Consequently
Amrei made up her mind to release herself from this uncanny position of
being alone with Black Marianne; she demanded that Damie should be taken
into the house. At first Marianne opposed it vehemently, but when Amrei
threatened to leave the house herself, and then coaxed her in such a
childlike way and tried so hard to do whatever would best please her,
the old woman at last consented.
Damie, who had learned from Crappy Zachy to knit wool, now sat beneath
the parental roof again; and at night, when the brother and sister were
asleep in the garret, each one of them would wake the other when they
heard Black Marianne down stairs, running to and fro and muttering to
herself.
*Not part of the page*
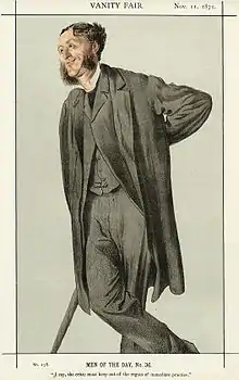In Culture and Anarchy, Arnold identifies himself as a Liberal and "a believer in culture" and takes up what historian Richard Bellamy calls the "broadly Gladstonian effort to transform the Liberal Party into a vehicle of political moralism."[32][33] Arnold viewed with skepticism the plutocratic grasping in socioeconomic affairs, and engaged the questions which vexed many Victorian liberals on the nature of power and the state's role in moral guidance.[34] Arnold vigorously attacked the Nonconformists and the arrogance of "the great Philistine middle-class, the master force in our politics."[35] The Philistines were "humdrum people, slaves to routine, enemies to light" who believed that England's greatness was due to her material wealth alone and took little interest in culture.[35] Liberal education was essential, and by that Arnold meant a close reading and attachment to the cultural classics, coupled with critical reflection.[36] Arnold saw the "experience" and "reflection" of Liberalism as naturally leading to the ethical end of "renouncement," as evoking the "best self" to suppress one's "ordinary self."[33] Despite his quarrels with the Nonconformists, Arnold remained a loyal Liberal throughout his life, and in 1883, William Gladstone awarded him an annual pension of 250 pounds "as a public recognition of service to the poetry and literature of England."[37][38][39]

But Damie's transmigration to Black Marianne's was the cause of
new trouble. Damie was exceedingly discontented at having been compelled
to learn a miserable trade that was fit only for a cripple. He wanted to
be a mason, and although Amrei was very much opposed to it, for she
predicted that he would not keep at it, Black Marianne supported him in
it. She would have liked to make all the young lads masons, and then to
have sent them out on their travels that they might bring back news of
her John.
Black Marianne seldom went to church, but she always liked to have
anybody else borrow her hymn-book and take it to church--it seemed to
give her a kind of pleasure to have it there.